While those kinds of drugs often contain toxic ingredients, the more common problem is that they don't work, the report noted. For example, poor-quality drugs have led to the rise of drug-resistant tuberculosis, and drug-resistant staphylococcus infections are appearing in India, Latin America and sub-Saharan Africa. Citing the Pharmaceutical Security Institute—a network of 25 pharmaceutical companies' security divisions—the report noted that the illegal trade and manufacture of medications affected at least 124 countries in 2011, with developing countries hit hardest.
Consequently, the IOM said the World Health Assembly (the decisionmaking arm of the World Health Organization) should work with the United Nations Office on Drugs and Crime and the World Customs Organization to establish a transparent process for developing a code of practice on falsified and substandard medicines. That code should include guidelines on surveillance, regulation and law enforcement, and it should enable states and the international community to both prevent and respond to drug-quality problems.

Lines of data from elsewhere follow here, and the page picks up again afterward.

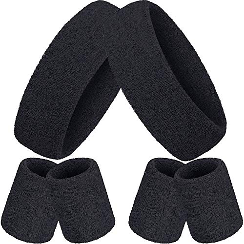 Set med svettband, inkluderar sportpannband och armband svettband färgglada bomullssvettband för män och kvinnor (svart, 6 delar)
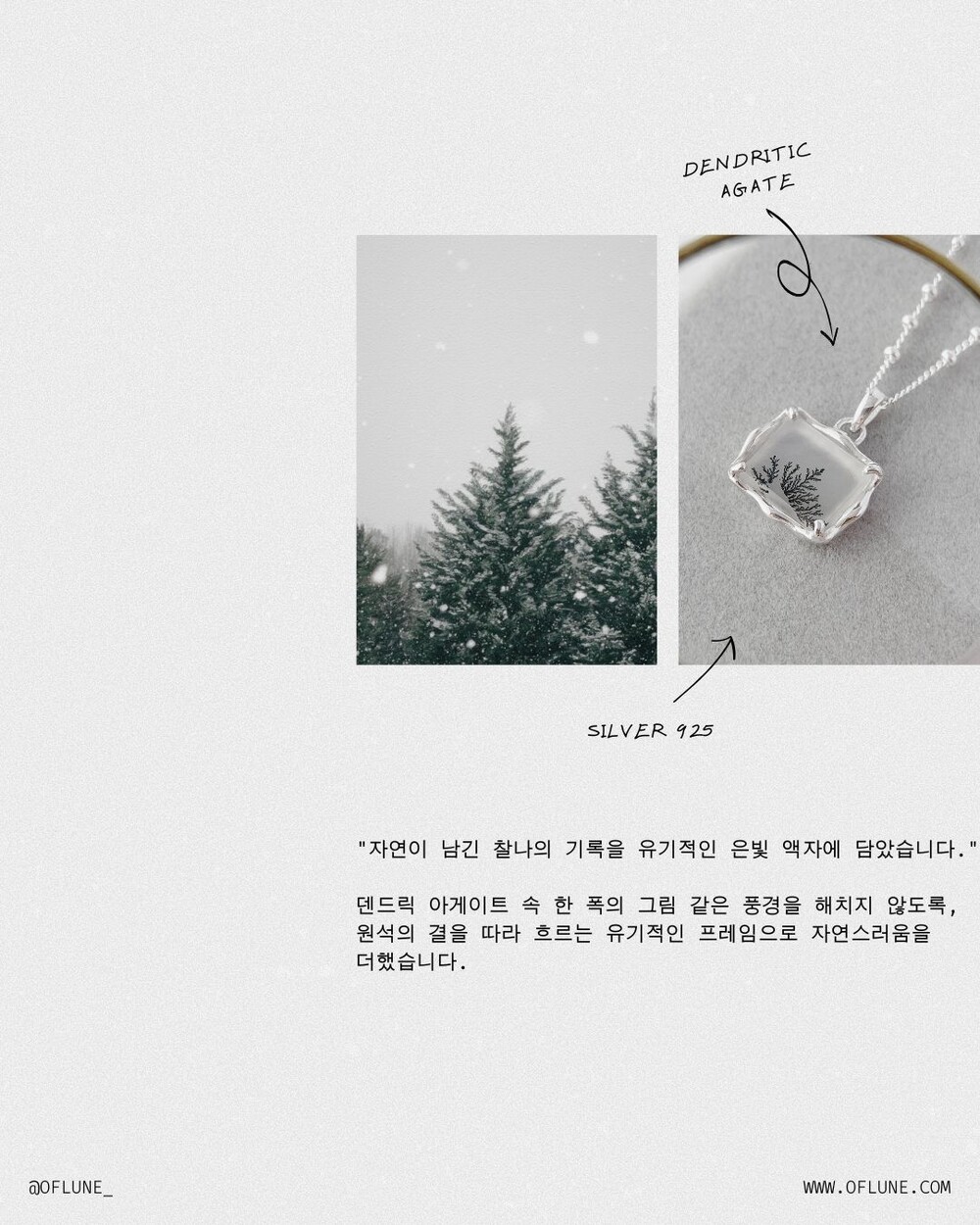 본연의 결을 따라 흐르는 유기적인 실버 프레임으로 세상에 단 하나뿐인 고요한 풍경을 완성했습니다.
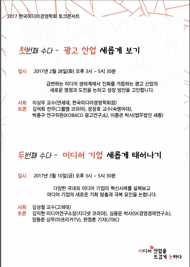 [한국미디어경영학회] 2017 미디어경영 토크콘서트 <미디어산업을뜨겁게논하다>
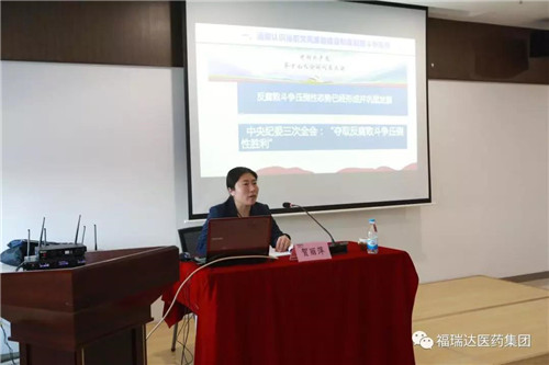 【直报网北京12月16日讯】(福瑞达)为进一步推进党风廉政建设,引导党员领导干部树立廉洁自律意识,筑牢拒腐防变思想防线,12月12日,福瑞达医药集团党委特邀省纪委监委第五监督检查室贺丽萍处长讲授党风廉政警示教育专题党课。党课由福瑞达医药集团党委委员、纪委书记冯绪华主持,领导班子成员、总部中层及以上领导干部,直属各单位班子成员、支委成员及党务、纪检工作人员等近50人参加。 贺处长以《清醒认识反腐败斗争形势,推进国有企业党风廉政建设》为题,以中央政策方针为主,辅以国企实际案例,为党员领导干部上了一堂生动的廉政警示教育课。党课分为四个部分,一是讲明了当前党风廉政建设和反腐败斗争形势,使党员领导干部深刻把握党中央部署要求;二是深入联系我省国企领域党风廉政建设实际,以身边事教育身边人,切实增强了责任感和使命感;三是阐释了如何正确认识和把握“四种形态”,为党委、纪委落实好党风廉政建设主体责任和监督责任提供了指导;四是着重强调了作为党员领导干部如何牢固树立廉洁自律意识,引导筑起拒腐防变的坚固堤坝。 ![]()
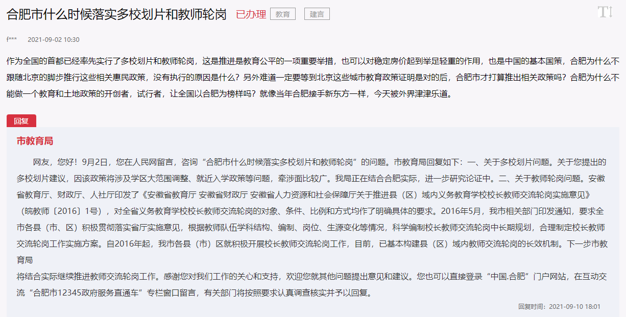 近日,有网友在人民网“领导留言板”留言:称首都北京已经率先实行了多校划片和教师轮岗,这是推进是教育公平的一项重要举措,也可以对稳定房价起到举足轻重的作用,也是中国的基本国策。合肥市什么时候落实“多校划片”和“教师轮岗”?
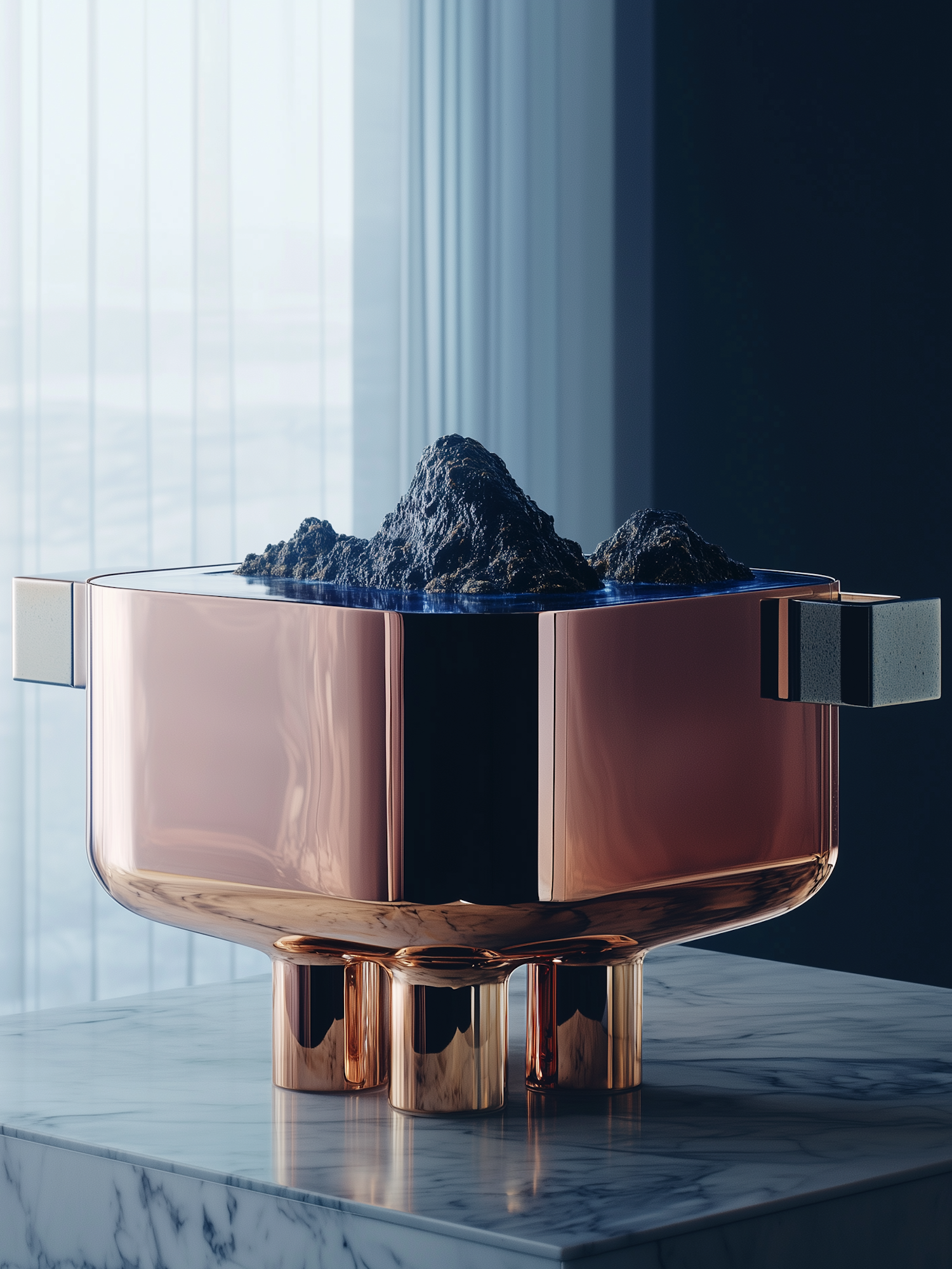 Modern sculpture with copper base and textured mound on marble surface, set against a softly lit background with sheer curtains.

Meanwhile, the report found secondary wholesalers to be the weakest link in the U.S. drug distribution chain. “What we're seeing in the United States—and doubly so in developing countries—is a race to the bottom,” Lawrence Gostin, director of the WHO's Collaborating Center on Public Health Law and Human Rights, said in a news release about the report. “Unscrupulous drug suppliers seek the state or country with the weakest regulatory and law enforcement standards. We need to encourage a status competition for the finest regulatory oversight.”

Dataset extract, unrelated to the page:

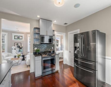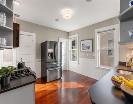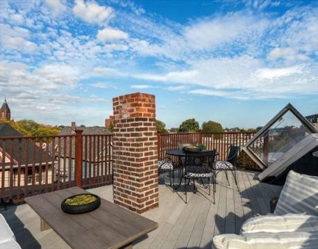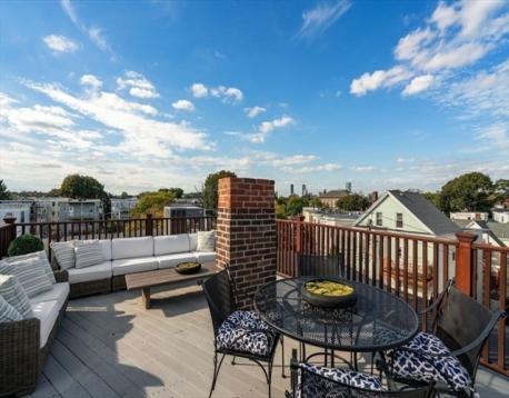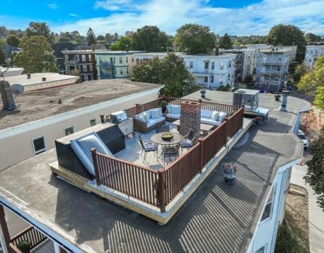 Stunning Penthouse in Savin Hill. Beautifully updated 2 bed, 1 bath home on a tree-lined street in the sought-after Savin Hill neighborhood. This bright and spacious home features a rare double parlor with a wood-burning fireplace, high ceilings, and gleaming hardwood floors throughout. The updated eat-in kitchen includes SS appliances, granite counters, and a full-size W/D in the pantry. The primary bedroom fits a king-size bed and offers a large 5x9 walk-in closet. The second bedroom features an oversized closet and access to a private rear porch. Enjoy three private outdoor spaces, including a 350 sq. ft. roof deck with stunning Boston skyline views. Additional highlights include new heating and central A/C, private basement storage, and two off-street parking spaces. Conveniently located near parks, beaches, and running routes. Close to JFK/UMass Station (Red Line), I-93, and neighborhood favorites such as Harp & Bard, Blend, Dbar, Shanti, Comfort Kitchen, and Dorchester Brewing Co
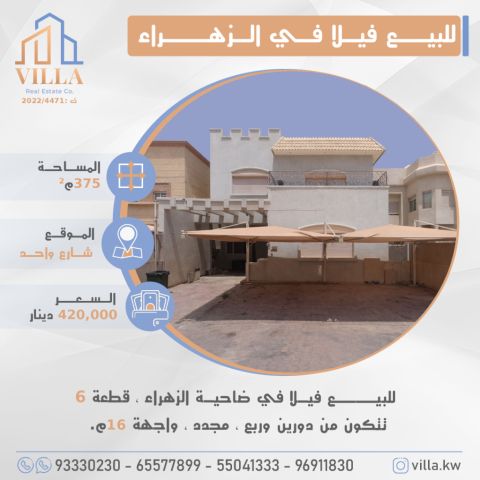 للبيع فيلا في ضاحية الزهراء، قطعة 6، المساحة 375 متر مربع، الموقع شارع واحد، تتكون من دورين وربع، مجدد، واجهة 16 متر. السعر 420,000 دينار كويتي. للاستفسار، نقال 1، نقال 2، نقال 3، نقال 4.

The IOM recommends that state licensing boards only license wholesalers and distributors that meet the National Association of Boards of Pharmacy accreditation standards, and that the FDA—together with state licensing boards—should establish a public database to share information on suspended and revoked wholesale licenses. It also recommends that Congress authorize and fund the FDA to establish a track-and-trace system that would give each product a unique identifier. Until then, the FDA should set up working groups of stakeholders that include the International Federation of Pharmaceutical Manufacturers and Associations and the Generic Pharmaceutical Association to promote voluntary tracking and tracing for all supply-chain players.

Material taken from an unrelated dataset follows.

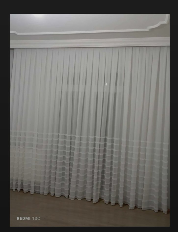 Beyaz, modern klasik tarzda, alt kısmında hafif yatay dokulu, desensiz perde. Odaya yumuşak ve şık bir hava katıyor.
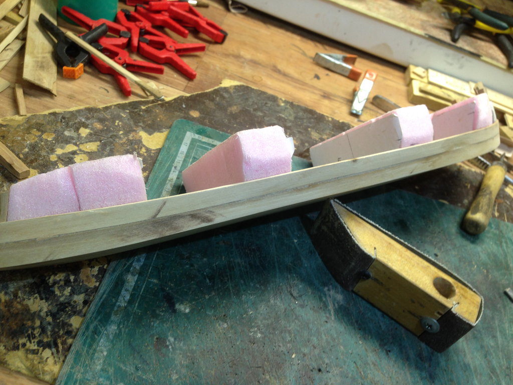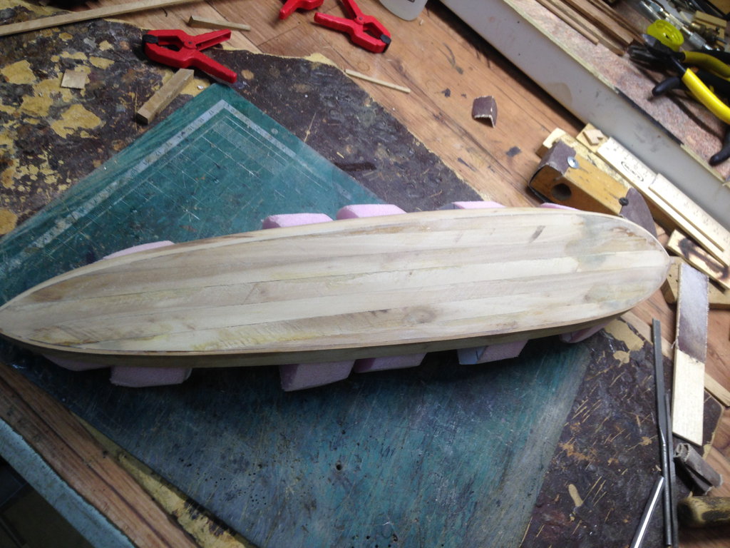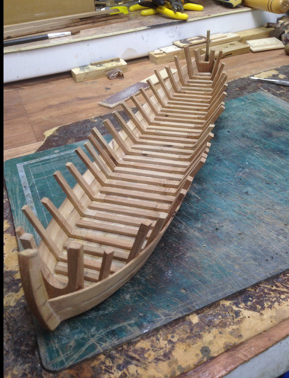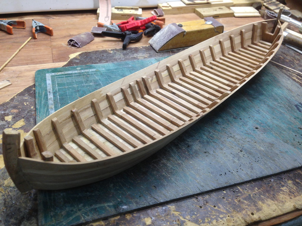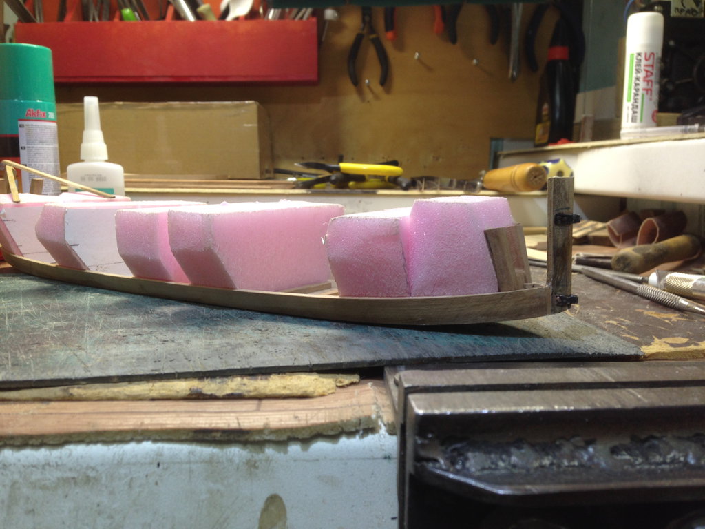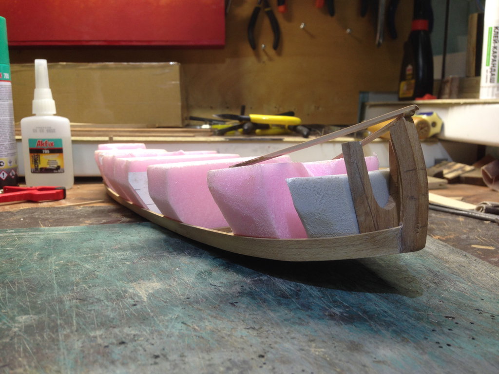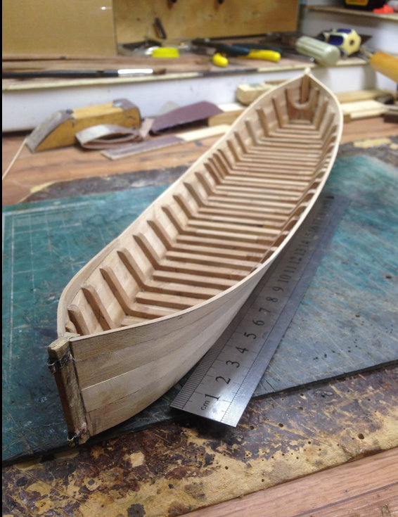 Первый ряд обшивки поставил, вроде все по плану идет. Далее еще один пояс, потом буду ставить шпангоуты и после последние 1.5 ряда основного борта..... ну все по порядку , пока вот что на сей момент...................

“This new report reiterates what we have long known: the infiltration of our global supply chain with dangerous, illegitimate drugs is a serious public health problem,” Rep. Henry Waxman (D-Calif.), ranking member of the House Energy and Commerce Committee, said in a statement. “California has already passed a law to require individual units of drugs to be accounted for at each step along the supply chain. I hope we can pass a law at the federal level that provides the same level of protection as California's model legislation.”
Last fall, Waxman and other members of the Energy and Commerce Oversight and Investigations Subcommittee questioned FDA Administrator Margaret Hamburg about why the agency didn't do more to prevent a deadly fungal meningitis outbreak linked to a contaminated injectable steroid at the New England Compounding Center in Framingham, Mass. The IOM report cited the company's “negligent production” in the report.